*** Opening GIVEN DATA ***

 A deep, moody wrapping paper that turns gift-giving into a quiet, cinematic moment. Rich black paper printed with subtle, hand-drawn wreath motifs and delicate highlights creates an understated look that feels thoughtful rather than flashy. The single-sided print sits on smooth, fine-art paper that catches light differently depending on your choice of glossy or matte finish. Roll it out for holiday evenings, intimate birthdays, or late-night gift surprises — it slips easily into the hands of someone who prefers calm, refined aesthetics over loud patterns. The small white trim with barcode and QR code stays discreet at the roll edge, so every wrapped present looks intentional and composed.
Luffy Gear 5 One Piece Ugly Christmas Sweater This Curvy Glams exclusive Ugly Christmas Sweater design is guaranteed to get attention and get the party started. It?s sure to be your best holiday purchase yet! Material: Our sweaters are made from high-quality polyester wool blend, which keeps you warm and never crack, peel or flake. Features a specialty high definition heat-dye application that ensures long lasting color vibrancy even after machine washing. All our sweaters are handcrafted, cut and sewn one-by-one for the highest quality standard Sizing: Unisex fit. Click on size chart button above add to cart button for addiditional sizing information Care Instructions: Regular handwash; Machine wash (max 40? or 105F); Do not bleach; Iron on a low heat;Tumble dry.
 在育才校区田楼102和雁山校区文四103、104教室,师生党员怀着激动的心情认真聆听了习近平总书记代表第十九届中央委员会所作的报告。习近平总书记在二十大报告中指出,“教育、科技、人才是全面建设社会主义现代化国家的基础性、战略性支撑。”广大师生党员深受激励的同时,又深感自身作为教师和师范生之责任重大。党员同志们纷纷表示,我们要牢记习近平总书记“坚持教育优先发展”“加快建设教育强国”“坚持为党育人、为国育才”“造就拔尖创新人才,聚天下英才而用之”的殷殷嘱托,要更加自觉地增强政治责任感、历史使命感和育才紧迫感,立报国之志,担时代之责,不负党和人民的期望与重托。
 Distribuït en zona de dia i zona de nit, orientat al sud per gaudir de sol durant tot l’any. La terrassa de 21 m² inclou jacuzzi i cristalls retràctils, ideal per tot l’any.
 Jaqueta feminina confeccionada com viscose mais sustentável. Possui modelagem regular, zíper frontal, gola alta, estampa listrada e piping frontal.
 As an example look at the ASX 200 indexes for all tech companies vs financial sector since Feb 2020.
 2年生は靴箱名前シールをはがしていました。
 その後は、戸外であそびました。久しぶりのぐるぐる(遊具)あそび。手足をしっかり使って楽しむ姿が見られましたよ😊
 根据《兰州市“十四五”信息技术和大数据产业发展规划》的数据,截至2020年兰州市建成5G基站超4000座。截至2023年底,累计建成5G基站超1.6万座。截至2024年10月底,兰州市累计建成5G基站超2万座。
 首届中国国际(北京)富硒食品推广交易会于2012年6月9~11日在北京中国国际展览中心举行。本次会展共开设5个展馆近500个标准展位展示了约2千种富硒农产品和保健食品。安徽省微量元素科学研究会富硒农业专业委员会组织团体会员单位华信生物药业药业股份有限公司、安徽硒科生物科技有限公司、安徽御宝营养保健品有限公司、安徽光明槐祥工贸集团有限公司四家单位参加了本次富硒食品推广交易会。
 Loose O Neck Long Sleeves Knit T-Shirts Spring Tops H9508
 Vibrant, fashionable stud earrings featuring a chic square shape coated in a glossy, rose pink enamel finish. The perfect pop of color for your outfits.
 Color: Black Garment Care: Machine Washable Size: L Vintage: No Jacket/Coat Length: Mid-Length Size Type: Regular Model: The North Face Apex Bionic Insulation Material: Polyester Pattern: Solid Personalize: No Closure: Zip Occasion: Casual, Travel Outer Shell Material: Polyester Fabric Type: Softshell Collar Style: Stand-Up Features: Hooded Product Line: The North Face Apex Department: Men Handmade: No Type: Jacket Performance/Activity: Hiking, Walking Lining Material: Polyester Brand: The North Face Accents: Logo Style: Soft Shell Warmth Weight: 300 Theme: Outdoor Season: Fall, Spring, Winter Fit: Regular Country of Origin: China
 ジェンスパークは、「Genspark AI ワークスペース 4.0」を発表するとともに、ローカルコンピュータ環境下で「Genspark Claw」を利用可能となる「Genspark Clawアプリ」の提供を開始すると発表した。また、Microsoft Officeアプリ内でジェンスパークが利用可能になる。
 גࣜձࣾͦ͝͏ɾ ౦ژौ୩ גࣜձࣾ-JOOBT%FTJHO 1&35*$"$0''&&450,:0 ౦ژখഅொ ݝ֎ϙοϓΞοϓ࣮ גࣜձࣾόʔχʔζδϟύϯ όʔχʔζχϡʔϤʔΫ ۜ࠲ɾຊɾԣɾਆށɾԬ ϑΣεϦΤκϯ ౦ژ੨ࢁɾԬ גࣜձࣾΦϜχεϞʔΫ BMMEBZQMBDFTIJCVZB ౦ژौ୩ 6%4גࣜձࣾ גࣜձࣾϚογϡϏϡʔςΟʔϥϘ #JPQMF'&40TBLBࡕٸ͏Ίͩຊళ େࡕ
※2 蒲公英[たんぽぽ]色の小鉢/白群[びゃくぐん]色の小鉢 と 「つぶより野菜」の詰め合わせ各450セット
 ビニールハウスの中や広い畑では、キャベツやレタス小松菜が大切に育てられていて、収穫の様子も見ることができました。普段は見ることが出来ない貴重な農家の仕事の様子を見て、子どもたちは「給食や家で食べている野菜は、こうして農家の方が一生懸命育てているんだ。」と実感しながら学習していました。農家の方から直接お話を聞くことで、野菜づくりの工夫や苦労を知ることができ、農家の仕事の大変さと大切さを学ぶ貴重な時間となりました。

*** Closing GIVEN DATA ***

[TASK INSTRUCTIONS] When a line in the records above holds "glossy", that line is to be reported.

[RESULT OF THIS TASK]
 A deep, moody wrapping paper that turns gift-giving into a quiet, cinematic moment. Rich black paper printed with subtle, hand-drawn wreath motifs and delicate highlights creates an understated look that feels thoughtful rather than flashy. The single-sided print sits on smooth, fine-art paper that catches light differently depending on your choice of glossy or matte finish. Roll it out for holiday evenings, intimate birthdays, or late-night gift surprises — it slips easily into the hands of someone who prefers calm, refined aesthetics over loud patterns. The small white trim with barcode and QR code stays discreet at the roll edge, so every wrapped present looks intentional and composed.
 Vibrant, fashionable stud earrings featuring a chic square shape coated in a glossy, rose pink enamel finish. The perfect pop of color for your outfits.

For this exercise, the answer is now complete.